A few years ago, in the course of a post on how to sort books, I said, “There are in fact people who arrange books by color” (alas, the link is now dead); I discover from a comment by Doctor Science in this Log thread (for a post in which Pullum answers the eternal question “What does Kreisoppa Tebberley mean?”) that the New England Law Library has a search function called “Well, Its Red” that actually allows you to look for a book based on its color. I could have used that back in my bookstore-worker days.

Comments

  1. marie-lucie says

    That sounds like a great idea. Many people have a better visual than verbal memory, so using colour as an additional searchable feature makes a lot of sense. I don’t sort my own books by colour on my shelves, but I usually remember what a particular book looks like, in size, shape and colour, the latter being easiest to remember.

  2. Kutsuwamushi says

    The day when I have so many books that sorting them by color is impractical will be a happy one, but I like the excitement of shelving Mithun’s “Languages of Native North America” next to “Harry Potter and the Goblet of Fire” (both green). And on the other side, a cookbook. Marvelous.
    The “well it’s red” function should also include size, hardback versus paperback, abstract versus representational cover design, perhaps an index of how busy it is… although I know that’s just being demanding.

  3. It’s a good idea in theory, but I’ve got a lot of beigy off-white dust covers that I wouldn’t know what to do with. Still, it would make redecorating the living room a whole lot more interesting. I see a wall with floor-to-ceiling red books on the left, sweeping across the spectrum to violet on the right, and padded out with some old copies of the yellow pages in the centre.

  4. A friend of mine who sells books has them organized by subject. When he sells one he looks for it by color description and whether it’s paperback or hardcover. It takes him more than an hour to find less than a dozen books. When I sold books I set them up alphabetized by author from the very beginning and never regretted it. My own books remain organized by subject.

  5. we should suggest this to LibraryThing geeks.
    I absolutely agree with Marie-Lucie’s point – visual memory is often stronger verbal. To add to this – colour also codes emotion. For some reason most of my favourite books are in various shades of green. And it’s not just colour, it’s the image on the cover too.

  6. I think this idea sucks. I also happen to be colorblind.

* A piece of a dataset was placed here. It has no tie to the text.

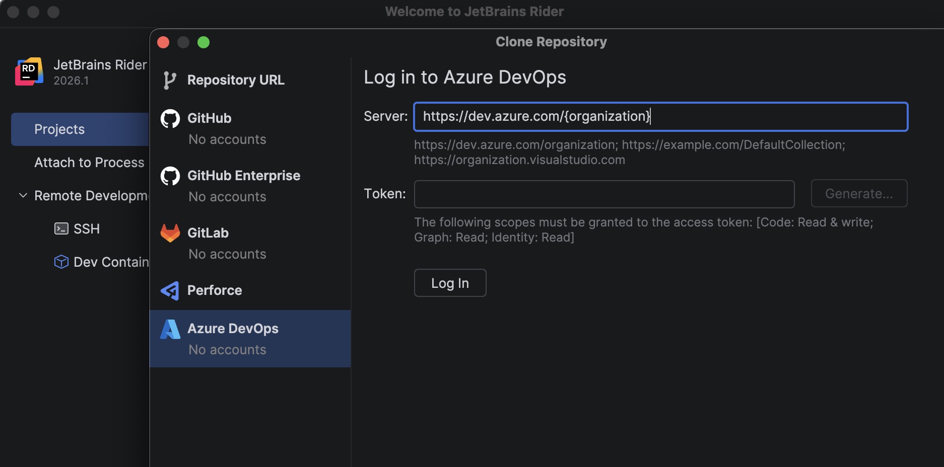 To get started, go to File | Open | Get from Version Control and select Azure DevOps from the list of providers. Rider authenticates you using a personal access token (PAT) and then displays the repositories available to your account so you can clone them directly from the IDE.

  7. Sorting by color actually makes sense in many technical areas– ‘Springer Yellow’ is the obvious example, but there are others.

  8. When I moved into my apartment, a friend unpacked my books for me. I hadn’t given her instructions or anything, so she went with what made visual sense to her and sorted by color:
    http://www.flickr.com/photos/knile/2480574633/
    It took me over a year to get the courage to unsort them and put them back up, but in Library of Congress order. Now THAT is a project.

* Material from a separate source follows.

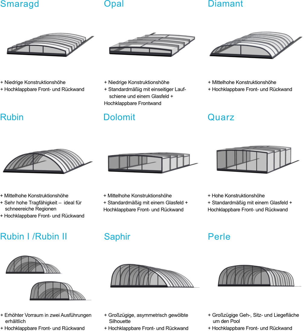 Gehen Sie beim Badespaß in die Verlängerung! Mit einer Überdachung können Sie Ihren Pool unabhängig von der Witterung genießen. Das Wasser bleibt kristallklar, sauber und wohlig warm, die Energiekosten werden deutlich reduziert. Außerdem sind Mensch und Tier in Sicherheit – insbesondere, wenn Sie die Überdachung abschließen. Auf die einfache und komfortable Bedienung wird dabei besonderen Wert gelegt. Es gibt jedoch nicht nur praktische Gründe, die für eine Überdachungen sprechen. Ästhetisch gelungene und technisch ausgereifte Konstruktionen, die mit Ihrem Pool optisch eine perfekte Einheit bilden. Ob extraflach, geschwungen, halbrund oder mit unterschiedlicher Höhe und bequemen Zugang; jedes Modell setzt einen anderen architektonischen Akzent und wertet Ihren Pool auf. Reizvoll fürs Auge heißt immer auch: höchste Qualität. Deshalb setzen wir auf Überdachungen mit langlebigem Aluminium und glasklares, unzerbrechliches Polycarbonat. Es gibt eine Vielzahl an Formen und Ausstattungen.

  9. I worked at an institution which had an Architecture library and an Engineering library and I was struck by how the engineering library was sorted thematically: materials, theory of structures, environmental physics etc, while the Architecture library was mostly sorted by individuals, Sullivan, Foster, Scarpa etc. It was like an outcropping of the ‘objective’ and ‘subjective’ strata that grind away below the surface of design team meetings.
    It also made me wonder how the students’ view of their disciplines would be changed if we swopped systems.

  10. In 2004 Chris Cobb, along with an army of McSweeney’s-rallied student volunteers, temporarily reorganized the contents of the Adobe Bookshop in San Francisco by color (25,000-35,000 volumes all told). They were left that way for a month as an art installation titled “There Is Nothing Wrong in the Whole Wide World.” The store, in its new arrangement, remained open for business throughout. At the end of the month, the volunteers returned to help put everything back.
    http://www.youtube.com/watch?v=45DlE0zoMSU
    http://www.npr.org/templates/story/story.php?storyId=4182224

  11. Menacle Gosaca says

    Here is a nice example from the subconscious shelf:
    http://www.newyorker.com/online/blogs/books/2010/03/the-subconscious-shelf-5.html

  12. Pepys Library is by height, kept that way per a codicil.
    Nicholas Basbanes contends (00:30:56) that at some point “you shelve according to the space that’s available.”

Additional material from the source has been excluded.